- What needs to be done
Make a verbatim copy of all the records. Skip every image.
Available data Block Start
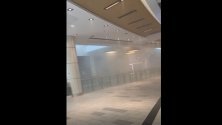 Пожарът е възникнал в частта със заведенията за хранене. На видеото се вижда задимяването и се чува сигналът за евакуация.
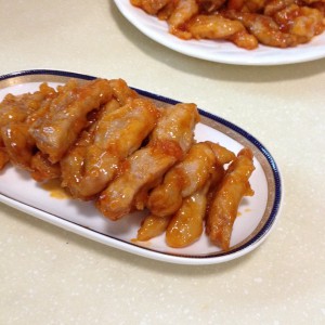 每一块猪里脊都沾到醬的时候,把水淀粉倒进去,继续翻炒几下,关火。
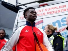 Entre los hombres hay una bandeja con comida y bebida y un montón de revistas repartidas sobre unas otomanas.
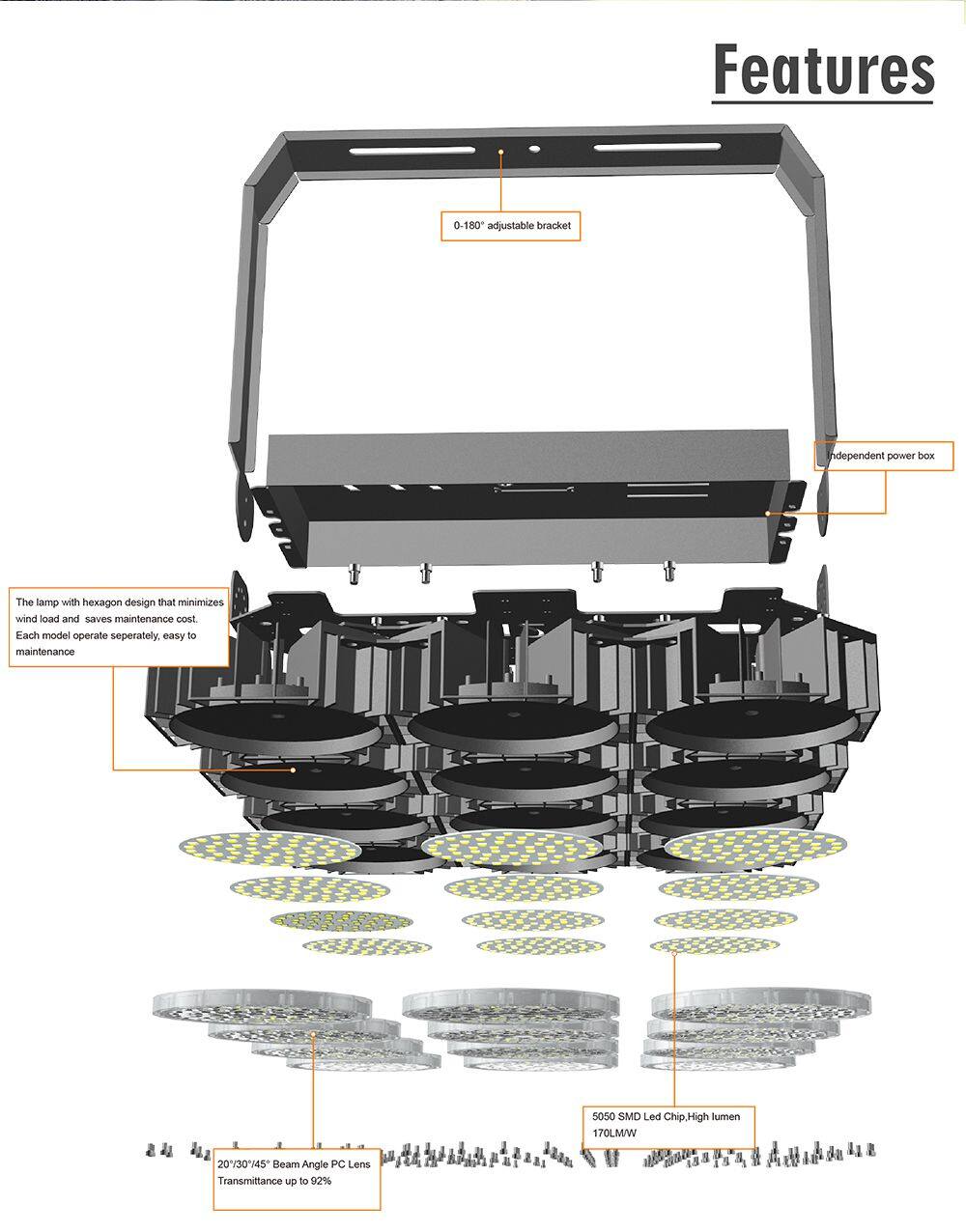 Hishine Hi-robot High Luminous 120w 240w 320w 720w 960w 1300w 160LM/W Led Lighting or Lamp for Sport Outdoors
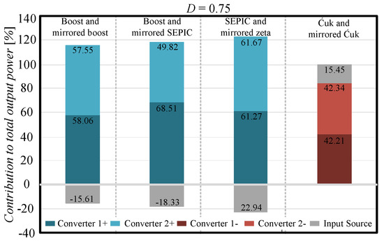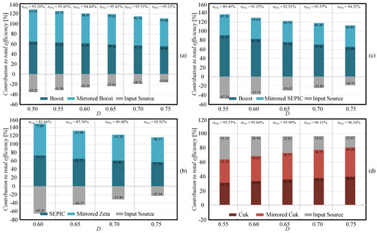 The contribution of the Converter 1, Converter 2 and input source in relation to total output power and efficiency is presented in Figure 19, considering Vin = 20 V, Po = 100 W and different duty cycles values. Figure 19a,b, and c represent the converters of the positive group (boost and mirrored boost converters, boost and mirrored SEPIC converters, and SEPIC and mirrored Zeta converters, respectively).
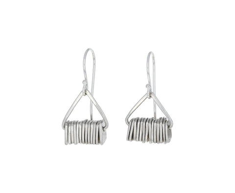 Full of fluid movement and organically inspired design, these Cha Cha Cha earrings by Jill Platner are a striking composition of sterling silver beads. The sterling silver window holds a textured row of sterling silver beads. Casual and contemporary, these make a sophisticated statement and are perfect for every day.
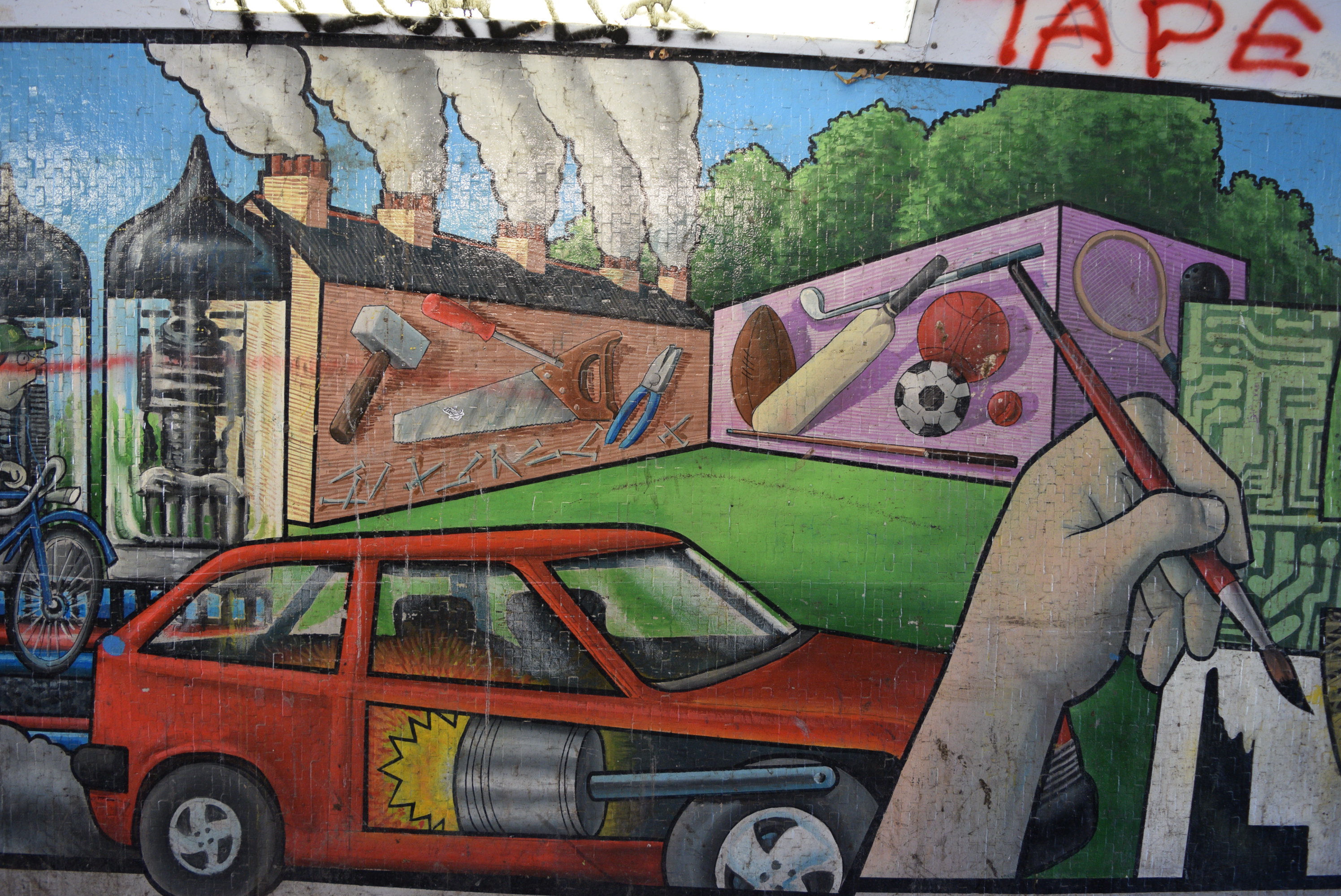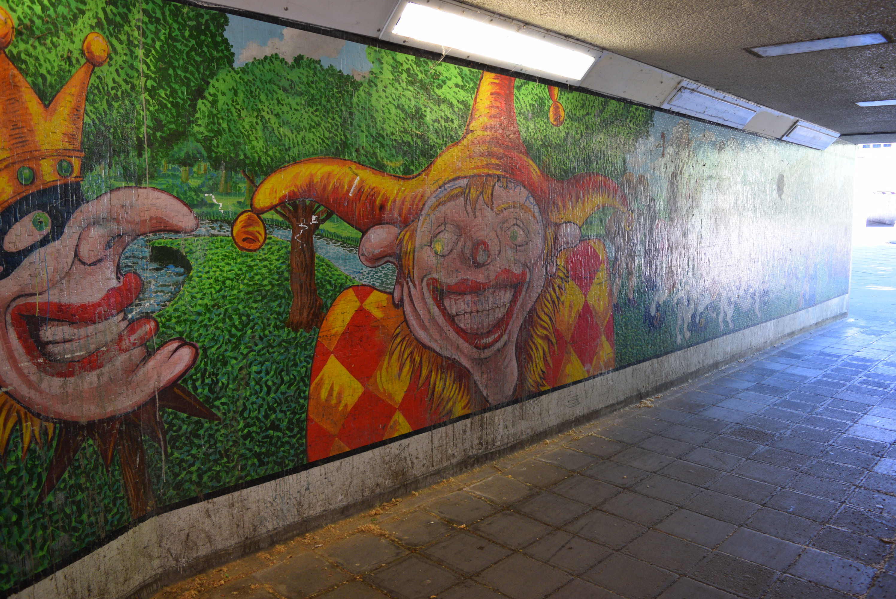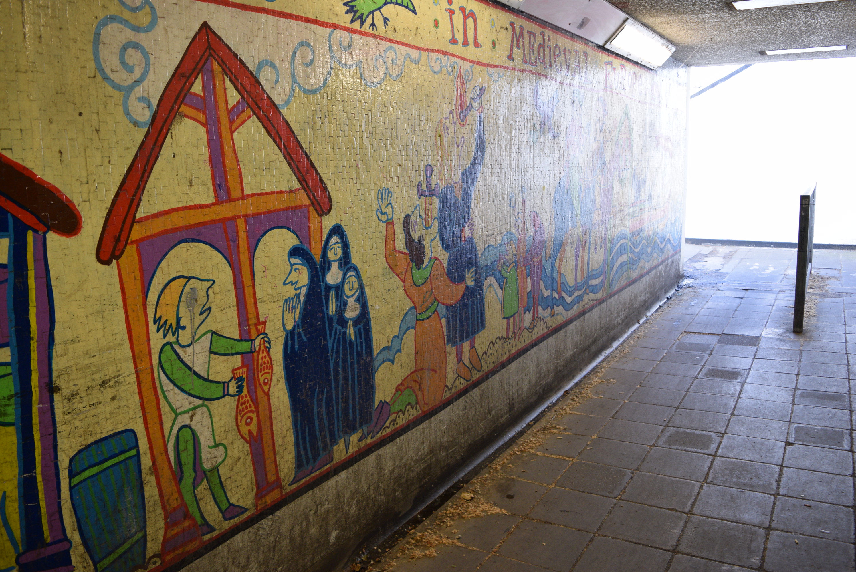 CamLETS mural, Parker's PieceRound the back of Hobbs pavilion, there is a mural about CamLETS. LETS stands for Local Exchange Trading System. It is a way a community can trade skills, services or goods without needing or using real money. There is a small plaque in the centre saying "Cambridge 2000 - Sustainable City" and on the mural it says "Act locally" and "CamLETS". There was a Cambridge City Council community arts project funded by the Millennium Priority Development Programme for community groups to make mosaics and this is the CamLETS one. A description connected with another mosaics in the project says "The mosaic is part of a larger project called Mosaics for the Millennium. This is a partnership between Cambridge Sustainable City and the City Council's Community Arts Team inspired by Local Agenda 21, offering groups the opportunity to make a mosaic for their chosen site celebrating this special year. Local Agenda 21 is a plan for the 21st century adopted by the City Council which seeks to secure a sustainable future for the city by embracing the three E's - Economy, Equity and the Environment. Groups explore these themes artistically in their mosaics." |
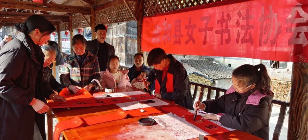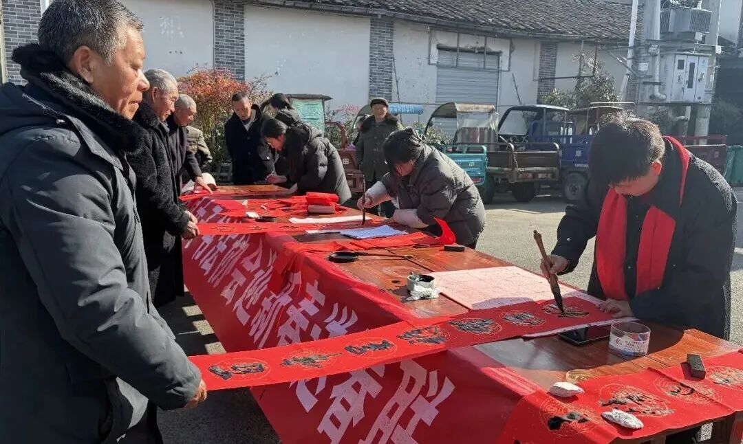 2月3日,杨源乡邀请县女子书法协会及坂头村文化特派员到乡集镇、坂头村等地开展“迎新春,送春联”活动。将满满的福气送到群众身边,为即将到来的马年新春增添浓厚喜庆氛围。 活动自上午九点开始,便吸引了众多村民前来。大家有序排队,一边精心挑选寓意美好的对联词句,一边主动帮忙铺纸、晾晒,现场暖意融融,笑语不断。 村民们纷纷表示,这些手写春联笔力遒劲、寓意深厚,比市场上购买的印刷品更有温度,也更有年的味道。
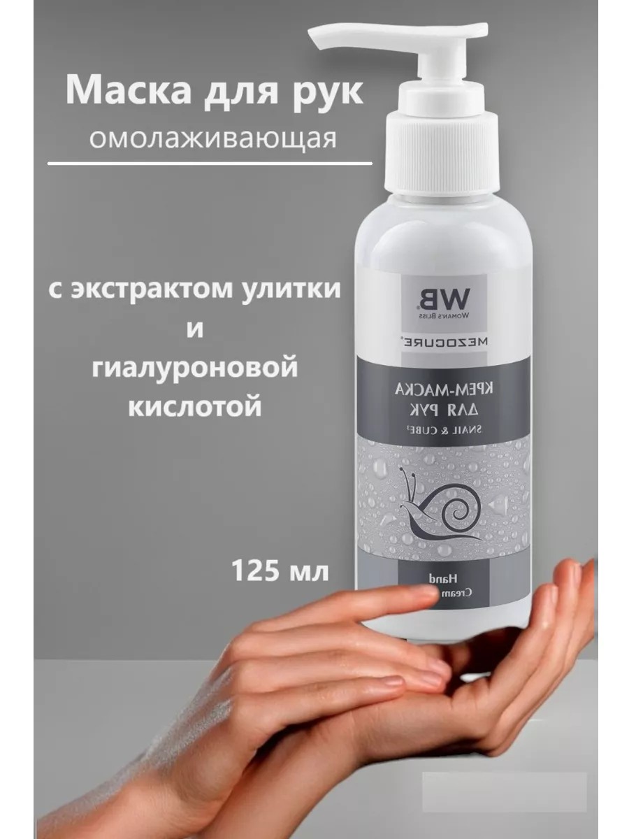 Профессиональная КРЕМ МАСКА для рук омолаживающая с экстрактом муцином улитки и гиалуроновой кислотой Woman‘s Bliss. Из линейки профессиональной косметики для ухода за лицом и телом, в которой концентрация активных компонентов выше чем у косметики для широкого потребления.
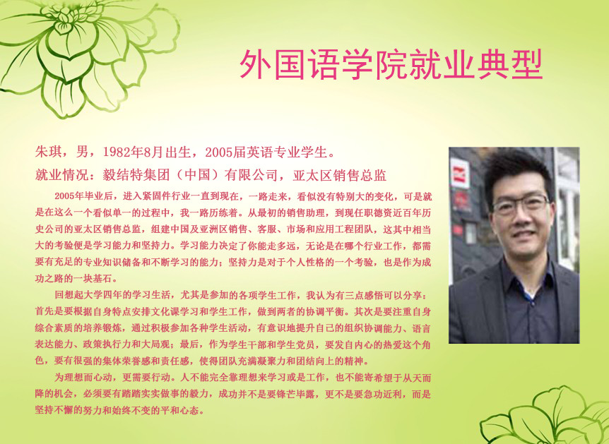自我校建立以来,外国语学院便涌现大批优秀校友,他们以优异的成绩从母校毕业
Available data Block End
- Response area
 Пожарът е възникнал в частта със заведенията за хранене. На видеото се вижда задимяването и се чува сигналът за евакуация.
 每一块猪里脊都沾到醬的时候,把水淀粉倒进去,继续翻炒几下,关火。
 Entre los hombres hay una bandeja con comida y bebida y un montón de revistas repartidas sobre unas otomanas.
 Hishine Hi-robot High Luminous 120w 240w 320w 720w 960w 1300w 160LM/W Led Lighting or Lamp for Sport Outdoors
 The contribution of the Converter 1, Converter 2 and input source in relation to total output power and efficiency is presented in Figure 19, considering Vin = 20 V, Po = 100 W and different duty cycles values. Figure 19a,b, and c represent the converters of the positive group (boost and mirrored boost converters, boost and mirrored SEPIC converters, and SEPIC and mirrored Zeta converters, respectively).
 Full of fluid movement and organically inspired design, these Cha Cha Cha earrings by Jill Platner are a striking composition of sterling silver beads. The sterling silver window holds a textured row of sterling silver beads. Casual and contemporary, these make a sophisticated statement and are perfect for every day.
 CamLETS mural, Parker's PieceRound the back of Hobbs pavilion, there is a mural about CamLETS. LETS stands for Local Exchange Trading System. It is a way a community can trade skills, services or goods without needing or using real money. There is a small plaque in the centre saying "Cambridge 2000 - Sustainable City" and on the mural it says "Act locally" and "CamLETS". There was a Cambridge City Council community arts project funded by the Millennium Priority Development Programme for community groups to make mosaics and this is the CamLETS one. A description connected with another mosaics in the project says "The mosaic is part of a larger project called Mosaics for the Millennium. This is a partnership between Cambridge Sustainable City and the City Council's Community Arts Team inspired by Local Agenda 21, offering groups the opportunity to make a mosaic for their chosen site celebrating this special year. Local Agenda 21 is a plan for the 21st century adopted by the City Council which seeks to secure a sustainable future for the city by embracing the three E's - Economy, Equity and the Environment. Groups explore these themes artistically in their mosaics." |
 2月3日,杨源乡邀请县女子书法协会及坂头村文化特派员到乡集镇、坂头村等地开展“迎新春,送春联”活动。将满满的福气送到群众身边,为即将到来的马年新春增添浓厚喜庆氛围。 活动自上午九点开始,便吸引了众多村民前来。大家有序排队,一边精心挑选寓意美好的对联词句,一边主动帮忙铺纸、晾晒,现场暖意融融,笑语不断。 村民们纷纷表示,这些手写春联笔力遒劲、寓意深厚,比市场上购买的印刷品更有温度,也更有年的味道。
 Профессиональная КРЕМ МАСКА для рук омолаживающая с экстрактом муцином улитки и гиалуроновой кислотой Woman‘s Bliss. Из линейки профессиональной косметики для ухода за лицом и телом, в которой концентрация активных компонентов выше чем у косметики для широкого потребления.
自我校建立以来,外国语学院便涌现大批优秀校友,他们以优异的成绩从母校毕业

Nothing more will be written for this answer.